Implementation in Unity
I am not going to cover step one and two in great detail. They require a few blog posts of their own. I refer the interested readers to other sources, specially for step two, giving this entry by CatLikeCoding a read wouldn’t be bad.
One thing worth mentioning is that there are different ways to do both steps. How one engine packs its shadow cascades is different to how another might. Also step one is by no means trivial. Knowing which object casts a shadow on your main camera’s frustum is not as simple as just rendering whatever your main camera sees. What your main camera doesn’t see might also cast shadow on visible area. I don’t know how Unity calculates the visible set for the light camera, but generally this is done through a conservative estimation by projecting a simple bounding volume on the main camera’s frustum (popular is also to do the projections on several 2D planes and do the checks there to reduce complexity).
On console and pc, Unity collects the shadows on screen space in a texture before the main pass. This has the advantage that the shadows can be blurred to different degrees before hand, and in the main pass you just sample what you need. Because of this reason the original depth map of the light source is no longer available by the time you get to rendering your fragment in the main pass. So the first thing we need to do, is to copy this texture somewhere for later use in the pipeline.
You can do this via a command buffer. The light camera in Unity, like all other cameras in the engine, has the ability to receive command buffers which it can execute at certain points in its own rendering events.
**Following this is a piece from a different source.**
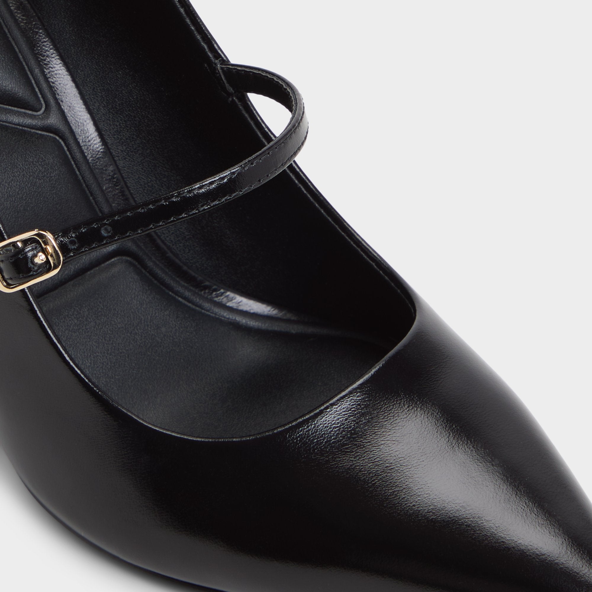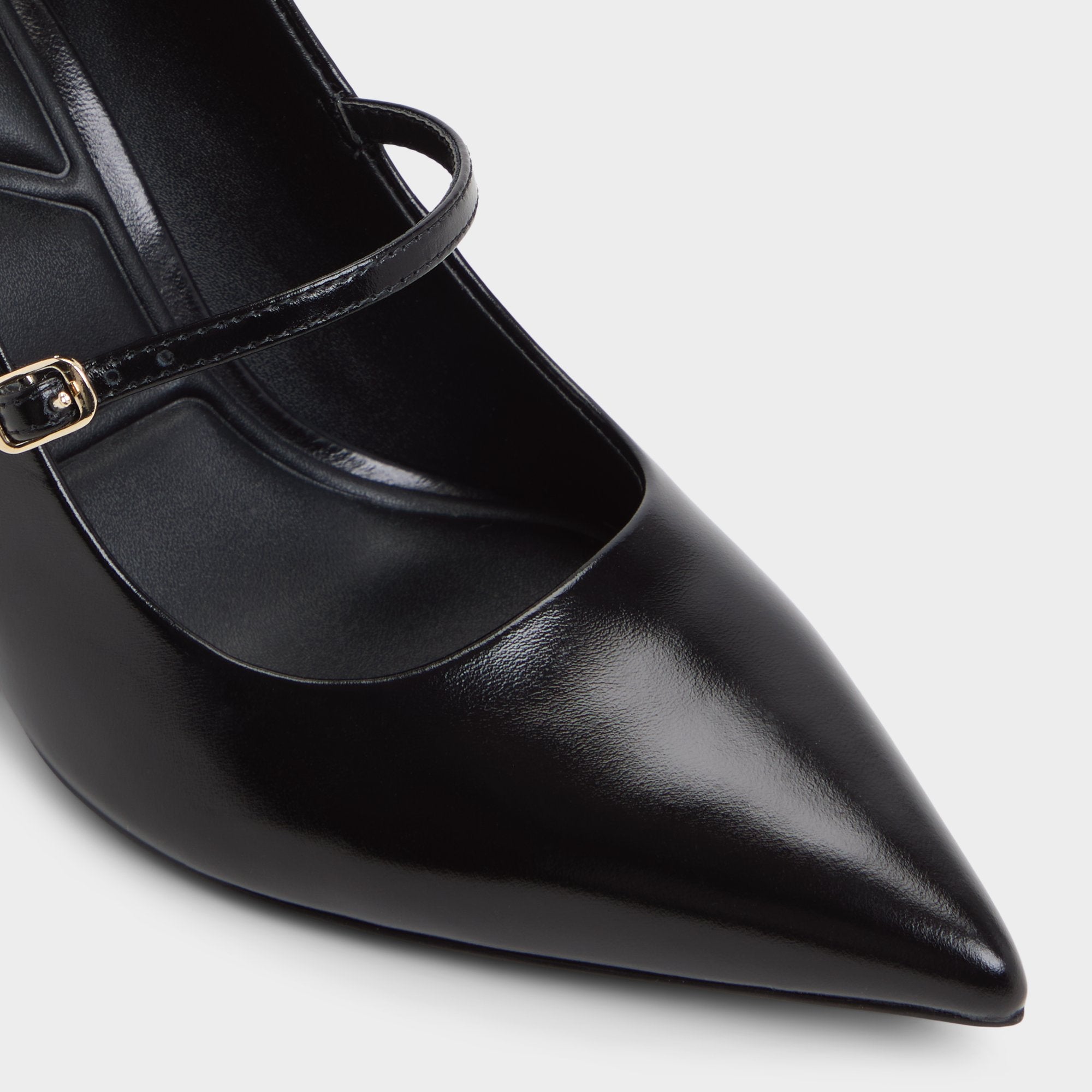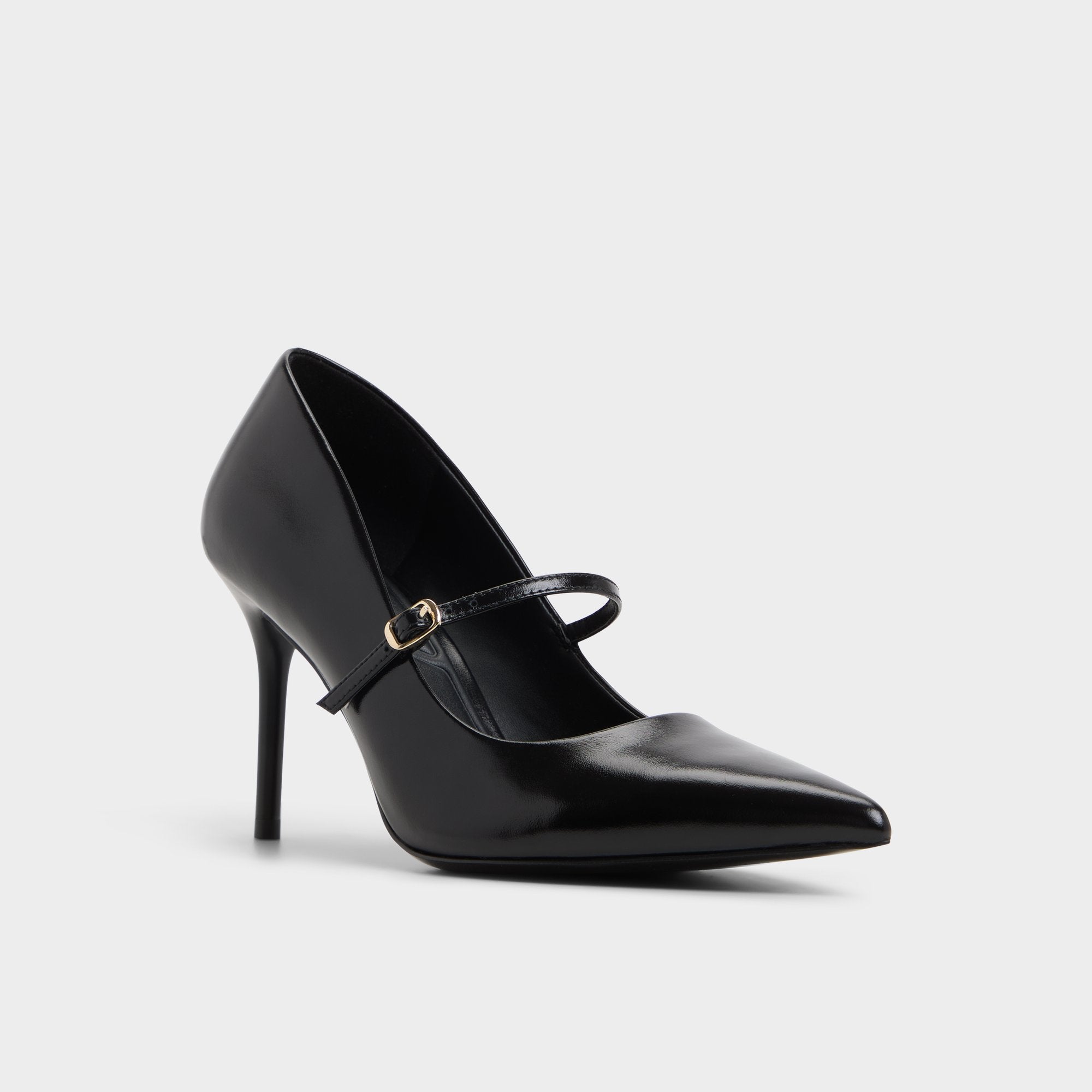 Sleek black leather wraps around a pointed toe. balanced by a delicate Mary Jane strap and stiletto heel for poised confidence day or night. Pair with tailored trousers for pitches. or swap in a satin slip dress when rooftop cocktails beckon.

You need a code like this on your light source gameobject:
cb = new CommandBuffer;RenderTargetIdentifier shadowmap = BuiltinRenderTextureType.CurrentActive;
m_ShadowmapCopy = new RenderTexture(1024, 1024, 16, RenderTextureFormat.ARGB32);
m_ShadowmapCopy.filterMode = FilterMode.Point; cb.SetShadowSamplingMode(shadowmap, ShadowSamplingMode.RawDepth);
var id = new RenderTargetIdentifier(m_ShadowmapCopy);
cb.Blit(shadowmap, id);cb.SetGlobalTexture(“m_ShadowmapCopy”, id);Light m_Light = this.GetComponent<Light>();
So you create a command buffer, which copies over the active camera texture (at that point the light camera texture), copies it over in a different memory and makes it accessible as a global texture for all coming shaders in the pipeline. Just make sure you set the sampling mode to RawDepth.
On some platform, you can simply write to the depth buffer and sample from it with a different sampler like Shadow2D. In some you can’t and you need to resolve your depth in an accessible texture for later use. I am not sure how Unity handles the different platforms and which effect it has on the code in this blog post, so always follow the documentation of the engine and try to keep as close as possible to their way of doing things.
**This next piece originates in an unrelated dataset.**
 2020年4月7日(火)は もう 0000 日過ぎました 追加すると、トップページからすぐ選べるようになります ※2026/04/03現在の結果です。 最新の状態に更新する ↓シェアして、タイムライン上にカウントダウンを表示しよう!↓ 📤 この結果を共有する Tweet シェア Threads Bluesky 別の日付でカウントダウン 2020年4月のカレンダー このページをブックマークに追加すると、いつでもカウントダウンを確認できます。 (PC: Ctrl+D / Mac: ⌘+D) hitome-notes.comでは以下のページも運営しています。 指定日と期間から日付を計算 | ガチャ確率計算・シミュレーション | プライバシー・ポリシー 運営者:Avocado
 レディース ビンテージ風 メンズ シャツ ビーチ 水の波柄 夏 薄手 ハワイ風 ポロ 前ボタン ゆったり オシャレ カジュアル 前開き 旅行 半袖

Now you have the depth map, time to sample from it in a fragment shader. First in your main pass, as you are rendering your fragments you need to construct their world position in the fragment shader. Different ways to do this, for example this one presented by Making Stuff Look Good in Unity.
In my case I don’t need to since I am raymarching. The world position of my fragment is returned by my surface function. Next step is to convert this from world position coordinates to the homogeneous camera space of the light camera. To do that we need the VP matrix of the light camera. If you set up your light camera your self, this would be something like:
YourCamera.projectionMatrix * YourCamera.worldToCameraMatrix;
But if you want to use the standard Unity’s light camera texture, you don’t need to construct this your self. Unity has saved this matrix in an array of matrices called unity_WorldToShadow. Each entry of the array is the transformation matrix necessary to convert your world position to the UV of each of the 4 cascades Unity supports. The question now is which cascades do you need?
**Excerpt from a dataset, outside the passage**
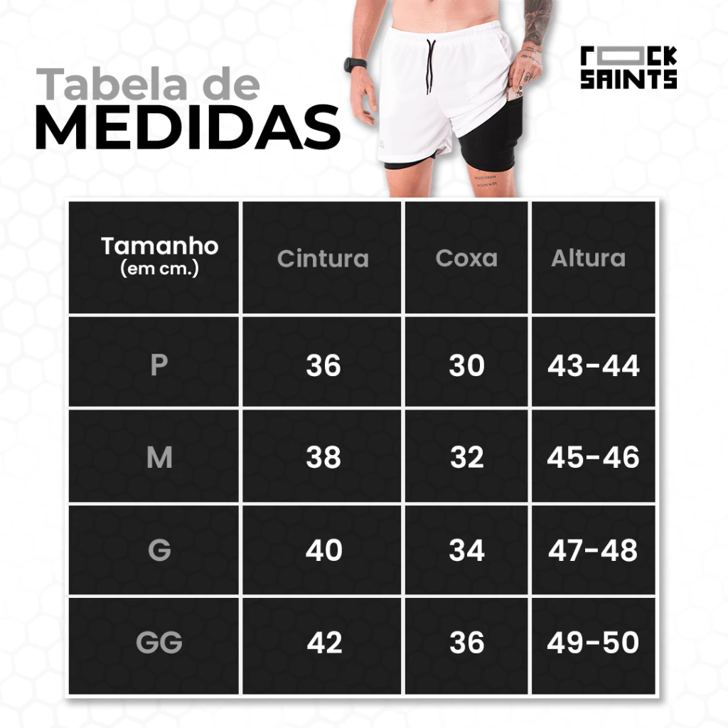O kit com 2 bermudas 2 em 1 é ideal para quem busca conforto, mobilidade e desempenho durante os treinos. Possui short externo em tecido leve e respirável e forro interno de compressão que ajuda na circulação e oferece melhor suporte durante as atividades físicas. Produzida em tecido Dry Colméia 100% poliéster, proporciona secagem rápida, ventilação e maior conforto para academia, corrida, caminhada e treinos intensos. Características • Kit com 2 bermudas • Modelo 2 em 1 com forro de compressão • Tecido Dry Colméia 100% poliéster • Tecido respirável e de secagem rápida • Bolsos laterais para praticidade • Forro com bolso para celular • Cordão de ajuste na cintura • Abertura lateral para mais mobilidade • Tecido que não amassa e possui ação antiodor Tamanhos Disponíveis P | M | G | GG Produto confortável e funcional, ideal para quem busca desempenho, praticidade e liberdade de movimento nos treinos e no dia a dia.

Before we get to that, a tip when you are digging around Unity’s graphic pipeline. You might find a parameter or a macro online which supposedly holds what you need, but when you try using it, you get a not defined error or a black render target. In cases like this, first find out which CG Include file has defined the macro you want. Include that CG file (for example AutoLight or Lighting). Then if you look at the CG file you see macros are defined differently under different conditions (graphic API, platform, quality settings etc.) and parameters are not always populated correctly. You need to let Unity know which type of pass you are going to code, so that it can set up its macros properly for you. You do this by adding a tag to your pass. For example you set the LightMode as Forward base.
Now back to cascades. If you go to your Quality Settings, you can see how the shadow cascades are setup. For this code, I am assuming there are 4 cascades set up, if you are using 2, you need to adjust the code. There you see a shadow draw distance, and a series of numbers for each cascades. Let’s assume your shadow draw distance is 40, and your first cascades takes the first 20 percent of your camera frustum. If your fragment has a distance less than 8 meters from your camera, you need to sample from cascades one. If your second cascades is responsible for 20 to 40 percent of the frustum, then as long as your fragment has a world distance of 8 to 16, you need to sample cascades two and so on. Unity puts the beginning and end of each cascaded region conveniently in two float4 parameters called _LightSplitsNear and _LightSplitsFar. Now you can just branch here and have a case for each cascades but the way Unity does it is a clever trick to avoid that. More on that in this blog entry from Aras. First here is the code:
float4 near = float4 (vDepth >= _LightSplitsNear);
float4 far = float4 (vDepth < _LightSplitsFar);
float4 weights = near * far;
VDepth in my case is the distance from the camera in world space. The _LightSplitsNear contains the near planes (starts) of each cascaded regions. The four floats correspond to the beginning values of the four cascaded in world space units. The _LightSplitsFar is the same but for the far plane. So _LightSplitsNear.x and _LightSplitsFar.x give you the first cascaded region from beging to the end in world space units.
What float4 near does is checking if the correct distance to the camera is greater than the near plane for each cascades frustum. Going back to our example of 40 meter draw distance, and let’s say shadow cascades regions of 20, 40, 60 and 80, the near calculation for a fragment that is 15 units away would give you a float4 that has (1,1,0,0).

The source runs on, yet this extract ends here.